[What this task involves]: A word-for-word copy of the listing is what's needed; leave out every image.

[Stored data]:
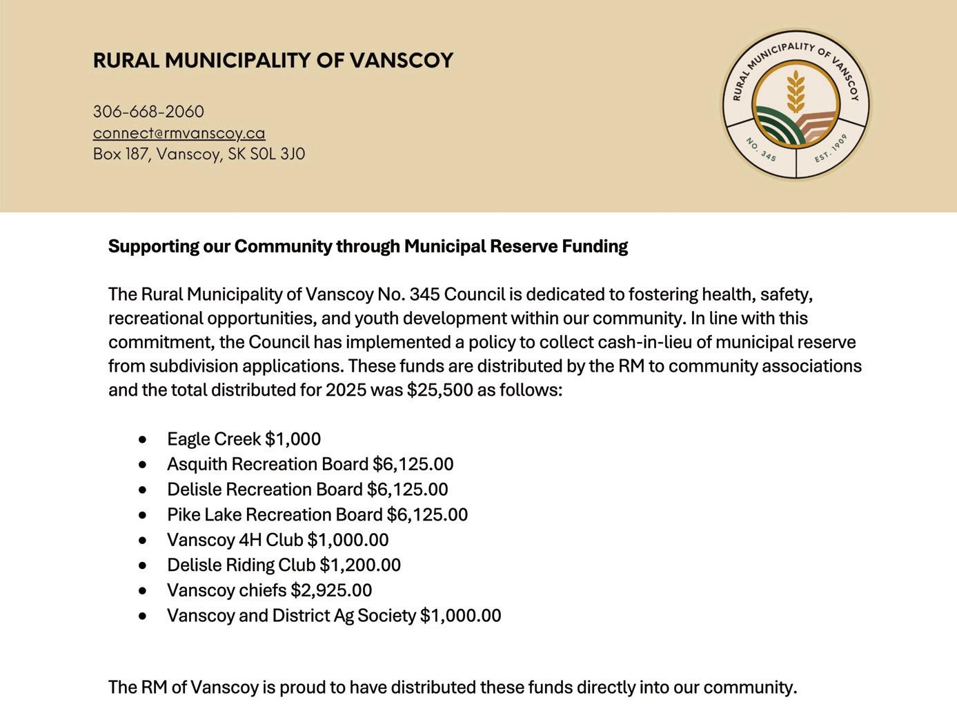 Arelee, Asquith, Borden, Broderick, Conquest, Delisle, Donavon, Dundurn, Glenside, Grandora, Hanley, Harris, Hawarden Kenaston, Kinley, Langham, Laura, Loreburn, Maymont, Milden, Outlook, Perdue, Pike Lake, Radisson, Sonningdale, Sovereign, Strongfield, Swanson, Tessier, Vanscoy, Zealandia
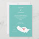 Stylish destination Rhodes wedding invitation for couples getting married abroad in the beautiful Portuguese Island of Madeira which is shown in a map silhouette with sweet red love hearts. In tones of teal and white with a lacey patterned circle on the back, very pretty and easy to customise with your wedding details.
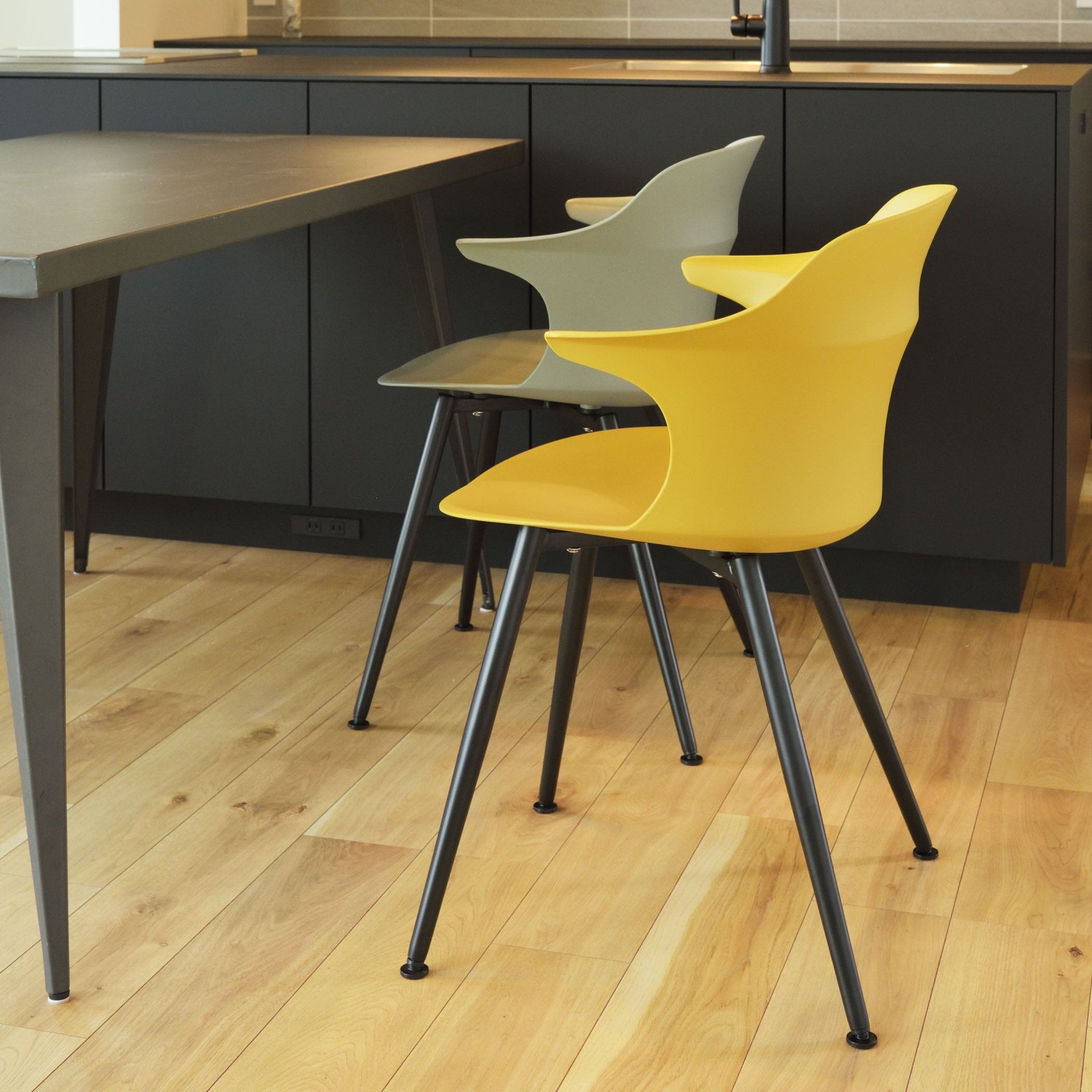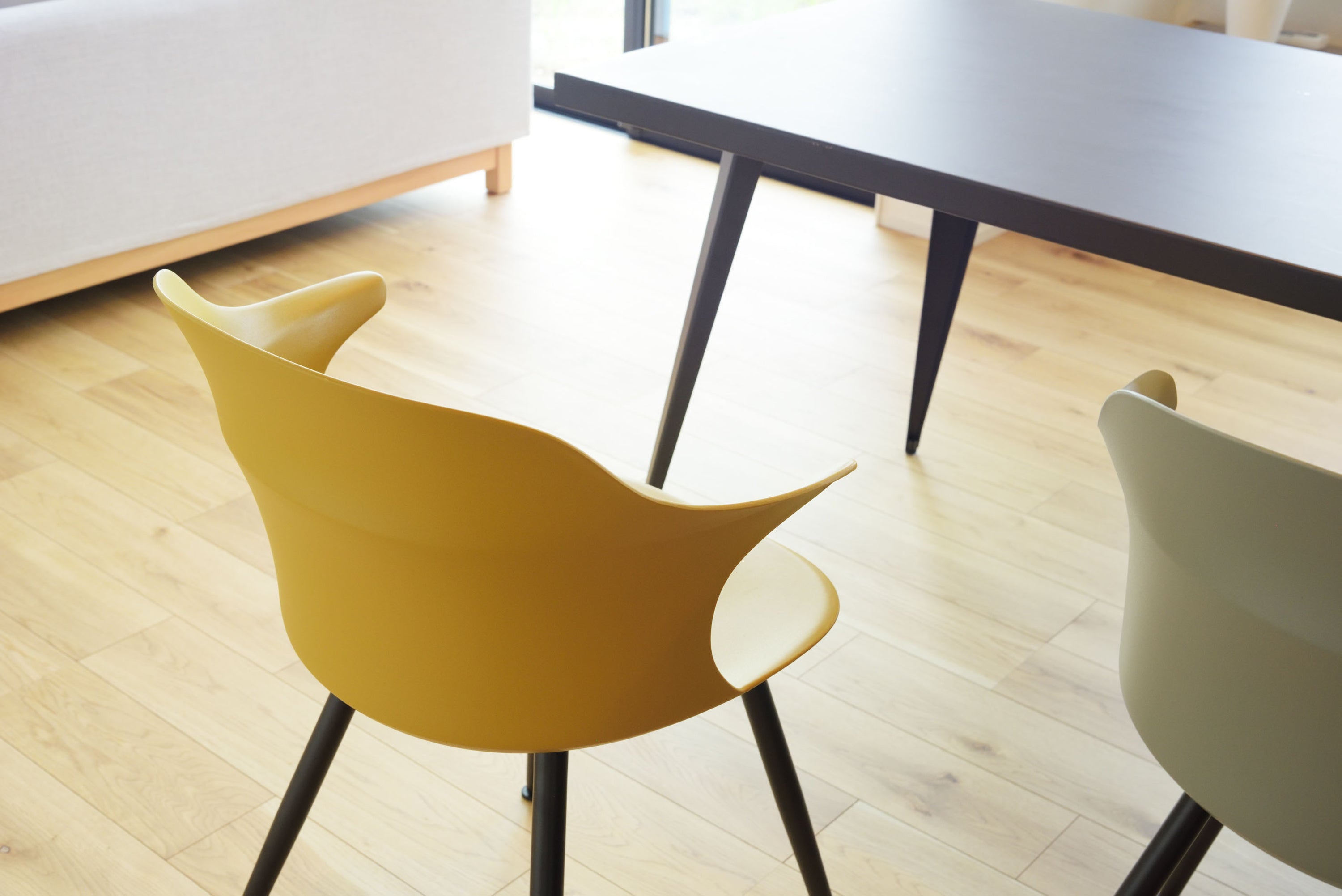 洗練された美しいフォルムのアヴァンチェア 座面には汚れてしまってもお手入れしやすいポリプロピレンを使用。 脚部にスチールを使用し、スタイリッシュな印象に。

[Completed task]:
 Arelee, Asquith, Borden, Broderick, Conquest, Delisle, Donavon, Dundurn, Glenside, Grandora, Hanley, Harris, Hawarden Kenaston, Kinley, Langham, Laura, Loreburn, Maymont, Milden, Outlook, Perdue, Pike Lake, Radisson, Sonningdale, Sovereign, Strongfield, Swanson, Tessier, Vanscoy, Zealandia
 Stylish destination Rhodes wedding invitation for couples getting married abroad in the beautiful Portuguese Island of Madeira which is shown in a map silhouette with sweet red love hearts. In tones of teal and white with a lacey patterned circle on the back, very pretty and easy to customise with your wedding details.
 洗練された美しいフォルムのアヴァンチェア 座面には汚れてしまってもお手入れしやすいポリプロピレンを使用。 脚部にスチールを使用し、スタイリッシュな印象に。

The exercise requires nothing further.